Avon candidates take on big issues in forum | VailDaily.com

Avon candidates take on big issues in forum

AVON — Residents hoping for a spot on the Town Council talked issues Wednesday in their only candidate forum before the November election.

Moderated by Vail Valley residents Rohn Robbins and Amy Phillips, the debate touched on issues ranging from recent topics taken on by the council — including the $3.8 million stage being constructed in Nottingham Park and the $5.7 million town hall relocation — to more evergreen issues like how the real estate transfer tax should be spent and how can the town can better engage the Hispanic community.

Nine of the 10 candidates were present, with local Planning and Zoning Commission member Tab Bonidy being the only candidate who could not make it to the debate.

With that many candidates in attendance, answers to Robbins’ questions — which were generated by topics suggested by the current council, as well as by members of the attendance — had to be short.

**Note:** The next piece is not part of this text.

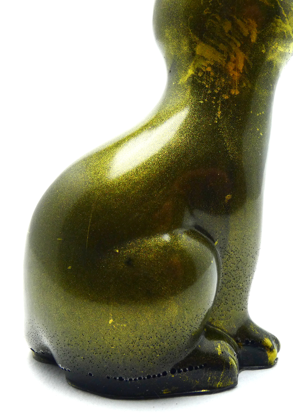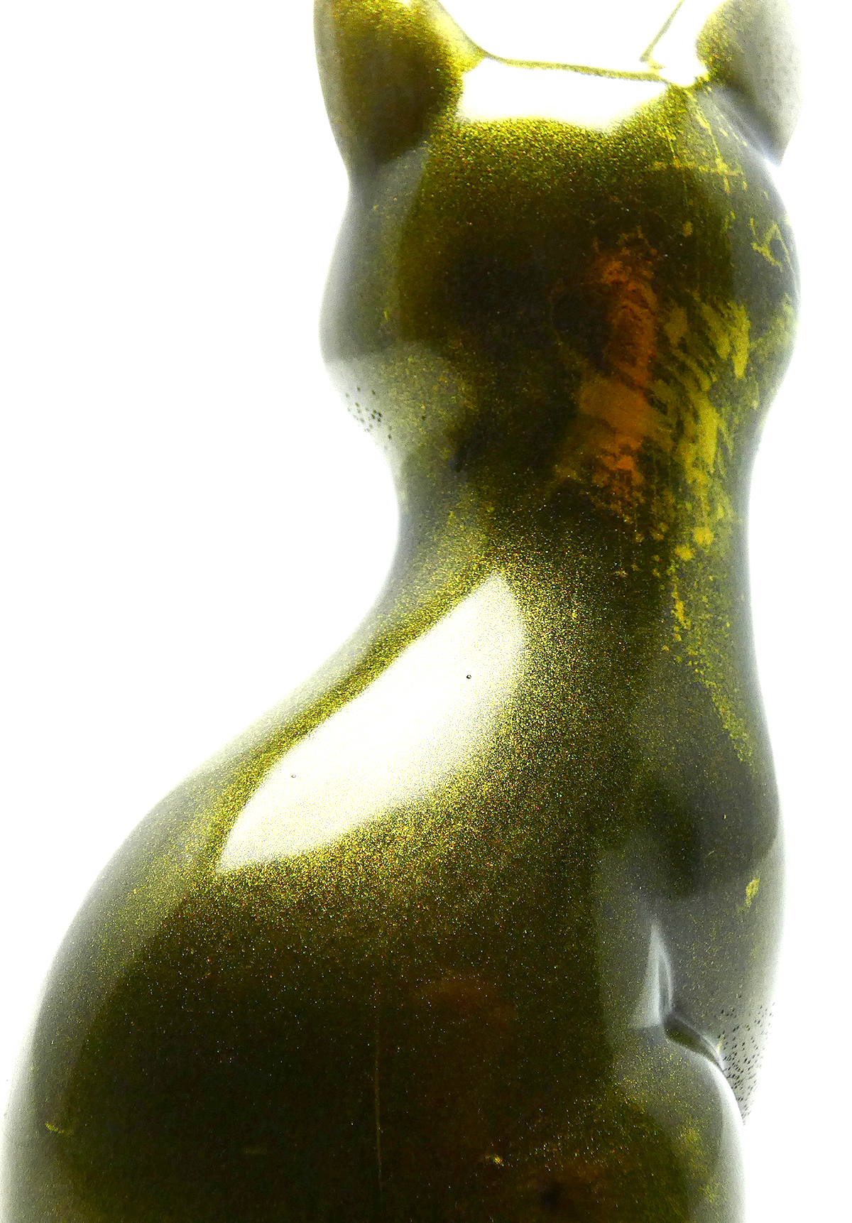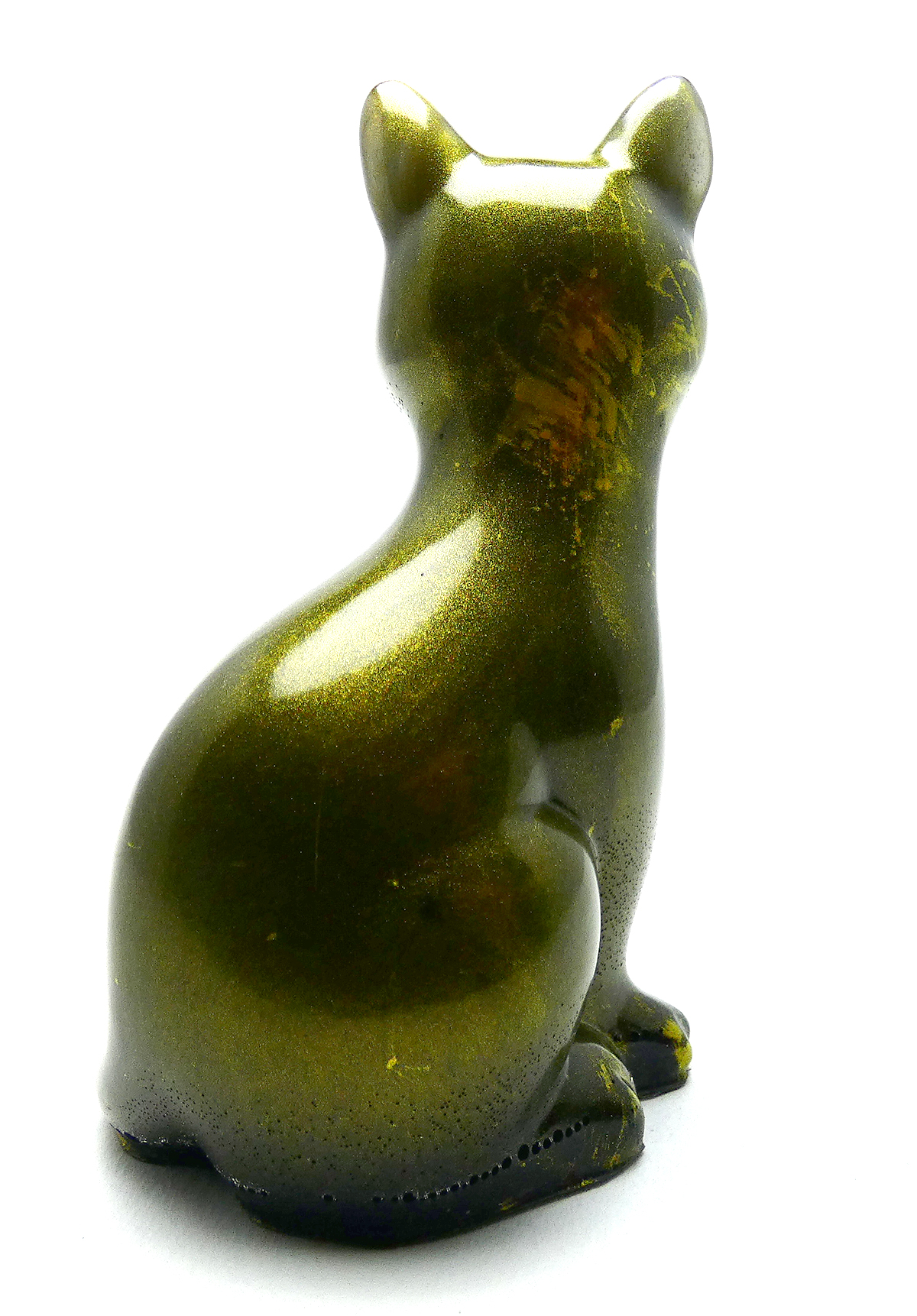 Kattenbeeldje van epoxy hars. De epoxy is gemengd met mica goudpoeder en zwart. De onderkant is afgewerkt met zwarte epoxy.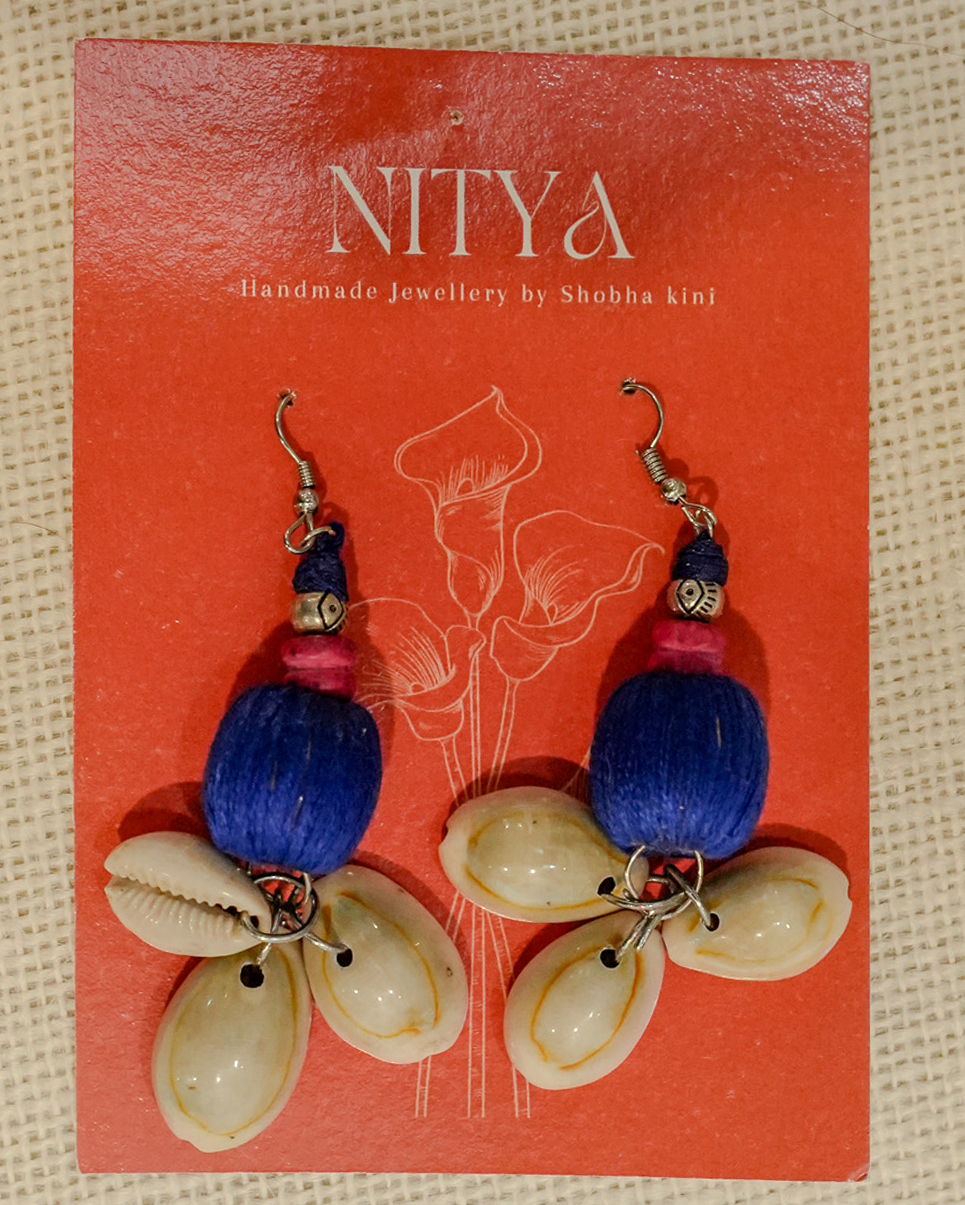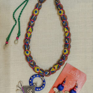 Inspired by the tranquil beauty of the blue lotus, Neel Kamal Set embodies divine calm and festive elegance. This handcrafted set features a statement necklace and matching earrings adorned with ikat fabric beads, cowrie shells, and oxidized silver detailing. A harmonious blend of oceanic hues and artisanal charm, it’s the perfect pick for festive evenings and cultural celebrations.

Several issues could be summed up with a basic response — do you or do you not support it?


On the decision to purchase and relocate town hall to the now-vacant Skier Building, which passed the current council on first reading during their last meeting and would be funded using certificate of participation bonds, the candidates were split on the issue.

Candidates in support of purchasing the building included Charlie Wolf, Sarah Smith Hymes, Tom Beaver and Scott Prince, who said through his experience on the Planning and Zoning Commission he has learned not to make a decision until he’s studied it thoroughly.

“I’ve dug deep into this, studied it and I support it,” he said. “It’s a strategic purchase.”

“This has to happen; the current building is obsolete” Beaver said. “I think they’re getting a good deal.”

Opponents of the town hall move and the way it’s being funded included Angelo Loria, Peter Buckley, Matt Gennett and John Minervini, who said he does not favor the use of certificate of participation bonds, which require annual renewal, therefore are not considered long-term debt and do not require voter approval to take on the debt.

“Just because something is technically legal doesn’t mean it’s ethical or right,” Minervini said.

“I’m not convinced it’s a good buy,” Loria said. “That building has been vacant for 11 years.”

Megan Burch pointed out that the candidates’ position on the building may not matter, as the decision could be made by the time the newly elected take their seats on council.

“We should look into partnerships with private industry or maybe even bring some retail sales into that space,” Burch said.


Parking and the town of Avon’s recent decision to lease a plot of town-owned land to developers Hoffmann Commercial Real Estate for a parking lot, was the discussion that led the evening.

While the parking lot passed the Avon Town Council by only one vote, candidates were near unanimous in their support of the idea. The lone dissenting voice came from the only incumbent, Matt Gennett, who explained why he didn’t support the decision when it was in front of the council.

“The agreement had some fundamental flaws,” he said. “The lot is in the town’s main thoroughfare.”

Regardless of the wide-scale support of the new lot, the candates’ opinions on parking were varied.

“I hope we can take a longterm view and look at some creative solutions,” said Smith Hymes. “We have to look at things like shuttle buses from the airport and from the Front Range.”


“How can the council better engage the Hispanic community” was not among the questions generated through topics suggested by the current council. It came from the audience.

“I think we should improve transportation to Buffalo Ridge apartments,” Buckley said.

“We need to look at having a Latin music festival,” Wolf said. “And we need to put some soccer goals up in the park. There are kids playing soccer out there every day, and they use shoes as goals.”